Different substrates were imaged using a Dimension 3100 scanning probe microscope with Nanoscope IV controller (Veeco Metrology, LLC, Santa Barbara, CA, USA) was utilized to obtain images of collagen fibrils on mica and transferred coverslips.

Secondary Harmonic Generation (SHG) Microscopy Imaging

The fixed cell samples on the different substrates (mica, transferred glass, PDMS, and PA (2000 Pa) and PA (200 Pa)) were imaged using a mode-locked Ti:Sapphire laser (100 fs pulse width, 1 kHz repetition rate, Libra, Coherent, Santa Clara, CA) that produces an 800 nm fundamental beam. The average power at the sample image plane was controlled using a combination of a half-wave plate and a Glan-Thompson polarizer (Thorlabs, Newton, NJ, USA).
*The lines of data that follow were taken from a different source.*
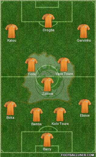 Barry · Angoua · Kolo Touré · Tiéné · Eboué · Romaric · Tioté · Yaya Touré · Kalou · Gervinho · Drogba
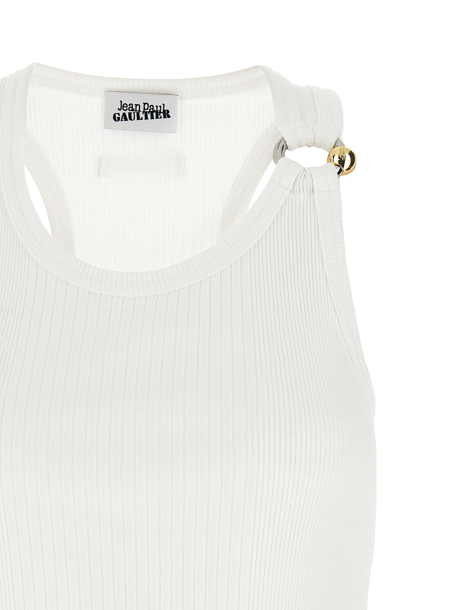 Ribbed stretch cotton tank top with ‘Black Piercing’ detail on the left shoulder strap, round neckline.
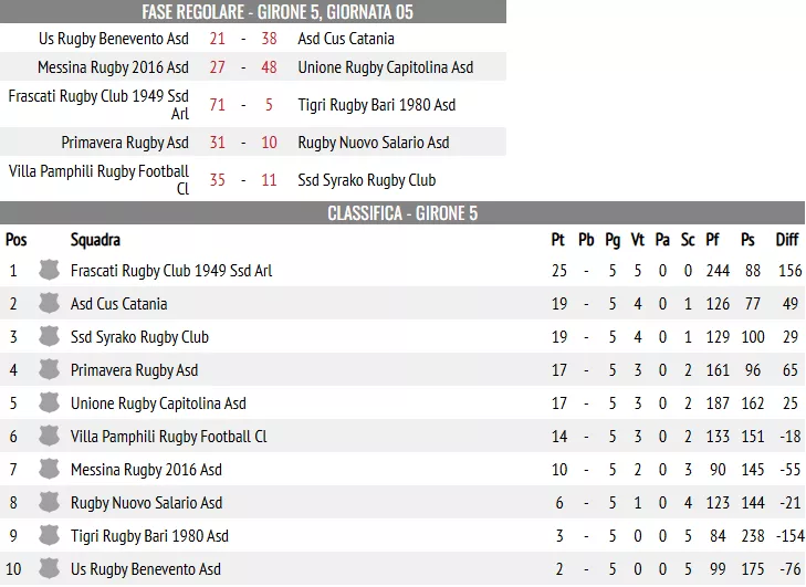 Scivola invece al terzo posto il Syrako Rugby Club, sconfitto in modo netto a Roma dal Villa Pamphili per 35-11. La franchigia ibleo-aretusea incassa così il primo stop stagionale, pagando a caro prezzo alcune assenze importanti.
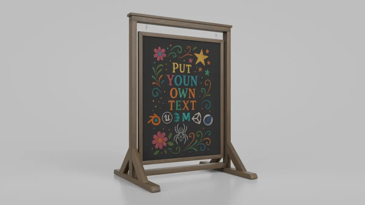 • Customizable Chalkboard Surface: Ideal for adding your own text, graphics, or advertisements.• High-Quality Textures: Handcrafted wooden and steel frames with realistic details for a natural, authentic look.• Clean Topology & Real-World Scale — Quad-based topology ensures smooth surfaces for high-quality renders and animations.• Optimized for Real-Time Use — Game-ready, suitable for offline and real-time engines such as Unity, Unreal Engine, and other game engines.• Fully Organized Hierarchy — Easy to use, with proper pivot points and clear object structure.
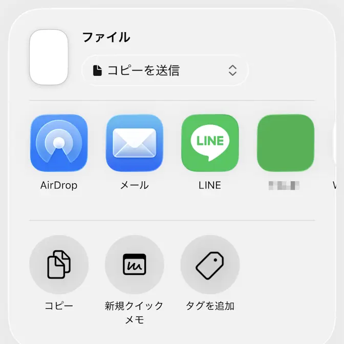 対象のファイルを長押しし共有をタップします。

For this setup, an inverted microscope (AmScope, Irvine, CA, USA) and Nikon Plan Fluorite objective (20x, 0.50 NA, 2.1 mm WD) was used to focus the beam and the SHG transmission was collected with a Nikon water immersion objective (40x, 0.8 NA, 3.5 mm WD, Nikon). The transmitted SHG signal was reflected by a dichroic mirror (DMLP425T, Thorlabs) and separated from the fundamental beam with two short pass filters, < 450 nm (FGB37M, Thorlabs) and 808 nm notch filter (NF-808.0-E-25.0M, Melles Griot, Rochester, NY, USA), before detection by an intensified charge coupled device (CCD) (iCCD, iStar 334T, Andor, Belfast, UK). Polarized SHG imaging was conducted using a Glan-Thompson polarizer and a half-wave plate mounted on a motor driven rotational stage (Thorlabs) to achieve linear polarization. Images of the samples were collected every 10° from 0° to 350°. The second harmonic signal from the samples on different substrates were imaged in transmission mode in order to quantify the collagen amount. Differences in transmission efficiency were accounted for by measuring the power of the laser signal before and after the sample plane. Additionally, we measured the signal for blank transfer substrates (Figure 1A). This signal was subtracted from that observed for post-transfer substrates (glass, PDMS and the two polyacrylamide samples) in order to calculate the amount of collagen present. A minimum of three images for each experimental condition was taken. From this collection of images, regions of interest (ROIs) were fit using the following equation:

$$I_{SHG}=c\left\{{\left[{\sin }^2\left({\theta }_e-{\theta }_o\right)+\left(\frac{{\chi }_{zzz}}{{\chi }_{zxx}}\right){\cos }^2\left({\theta }_e-{\theta }_o\right)\right]}^2+{\left(\frac{{\chi }_{xzx}}{{\chi }_{zxx}}\right)}^2{\sin }^2\left(2\left({\theta }_e-{\theta }_o\right)\right)\right\},$$ (3)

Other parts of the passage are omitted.